__Task statement__
The lines from the start of the records through the one containing "Set of Two Cream" are to be transcribed exactly, and nothing else.

__Materials provided__

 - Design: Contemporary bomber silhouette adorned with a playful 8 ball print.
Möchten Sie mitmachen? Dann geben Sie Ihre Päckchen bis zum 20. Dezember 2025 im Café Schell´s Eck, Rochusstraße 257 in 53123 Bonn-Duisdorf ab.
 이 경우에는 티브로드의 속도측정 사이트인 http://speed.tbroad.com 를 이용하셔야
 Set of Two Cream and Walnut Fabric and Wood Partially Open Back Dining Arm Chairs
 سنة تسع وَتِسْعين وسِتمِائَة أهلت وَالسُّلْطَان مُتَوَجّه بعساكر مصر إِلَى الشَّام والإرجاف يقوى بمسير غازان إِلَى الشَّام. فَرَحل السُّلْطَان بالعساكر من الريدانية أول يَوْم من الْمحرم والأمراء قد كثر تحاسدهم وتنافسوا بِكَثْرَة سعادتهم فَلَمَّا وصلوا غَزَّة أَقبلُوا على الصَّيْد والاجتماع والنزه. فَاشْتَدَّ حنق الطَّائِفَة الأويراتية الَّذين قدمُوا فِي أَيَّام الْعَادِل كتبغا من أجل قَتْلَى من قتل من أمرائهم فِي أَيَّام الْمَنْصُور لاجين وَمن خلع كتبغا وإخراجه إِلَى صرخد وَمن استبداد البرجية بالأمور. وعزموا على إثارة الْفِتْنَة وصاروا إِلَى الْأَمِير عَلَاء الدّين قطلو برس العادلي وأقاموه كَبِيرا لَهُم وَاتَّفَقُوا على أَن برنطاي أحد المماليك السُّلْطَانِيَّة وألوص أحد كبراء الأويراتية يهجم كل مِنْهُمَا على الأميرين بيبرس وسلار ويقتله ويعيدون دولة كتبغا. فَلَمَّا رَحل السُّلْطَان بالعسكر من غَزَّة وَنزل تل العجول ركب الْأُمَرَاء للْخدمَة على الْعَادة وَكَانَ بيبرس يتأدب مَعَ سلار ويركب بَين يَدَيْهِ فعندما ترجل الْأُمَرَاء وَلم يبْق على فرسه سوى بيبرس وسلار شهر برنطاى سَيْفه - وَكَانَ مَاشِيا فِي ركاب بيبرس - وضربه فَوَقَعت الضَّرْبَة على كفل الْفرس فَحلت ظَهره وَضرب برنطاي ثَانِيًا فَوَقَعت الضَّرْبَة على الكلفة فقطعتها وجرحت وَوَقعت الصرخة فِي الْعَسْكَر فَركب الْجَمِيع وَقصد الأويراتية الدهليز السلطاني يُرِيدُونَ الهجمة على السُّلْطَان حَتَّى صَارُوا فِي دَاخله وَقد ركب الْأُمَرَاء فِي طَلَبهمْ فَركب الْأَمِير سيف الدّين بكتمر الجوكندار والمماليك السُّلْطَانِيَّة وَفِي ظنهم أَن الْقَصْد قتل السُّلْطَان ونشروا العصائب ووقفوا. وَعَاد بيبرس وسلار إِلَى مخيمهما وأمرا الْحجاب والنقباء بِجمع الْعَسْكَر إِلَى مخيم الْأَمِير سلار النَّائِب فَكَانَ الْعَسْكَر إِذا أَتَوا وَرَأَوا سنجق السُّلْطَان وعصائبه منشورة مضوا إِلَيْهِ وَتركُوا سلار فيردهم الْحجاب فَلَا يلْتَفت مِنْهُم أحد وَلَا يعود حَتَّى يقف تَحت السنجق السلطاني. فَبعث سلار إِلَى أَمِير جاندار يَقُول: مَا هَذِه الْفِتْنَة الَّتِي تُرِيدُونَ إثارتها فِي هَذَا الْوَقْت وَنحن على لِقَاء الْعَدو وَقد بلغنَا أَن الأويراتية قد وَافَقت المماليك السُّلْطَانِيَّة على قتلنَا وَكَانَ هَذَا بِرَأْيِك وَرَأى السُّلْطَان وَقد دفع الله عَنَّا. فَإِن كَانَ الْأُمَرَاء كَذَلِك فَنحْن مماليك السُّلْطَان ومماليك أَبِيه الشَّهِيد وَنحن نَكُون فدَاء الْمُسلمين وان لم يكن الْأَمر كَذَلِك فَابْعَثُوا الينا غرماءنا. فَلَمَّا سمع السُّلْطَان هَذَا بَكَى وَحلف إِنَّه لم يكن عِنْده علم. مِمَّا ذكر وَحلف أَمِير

__Response to this exercise__
 - Design: Contemporary bomber silhouette adorned with a playful 8 ball print.
Möchten Sie mitmachen? Dann geben Sie Ihre Päckchen bis zum 20. Dezember 2025 im Café Schell´s Eck, Rochusstraße 257 in 53123 Bonn-Duisdorf ab.
 이 경우에는 티브로드의 속도측정 사이트인 http://speed.tbroad.com 를 이용하셔야
 Set of Two Cream and Walnut Fabric and Wood Partially Open Back Dining Arm Chairs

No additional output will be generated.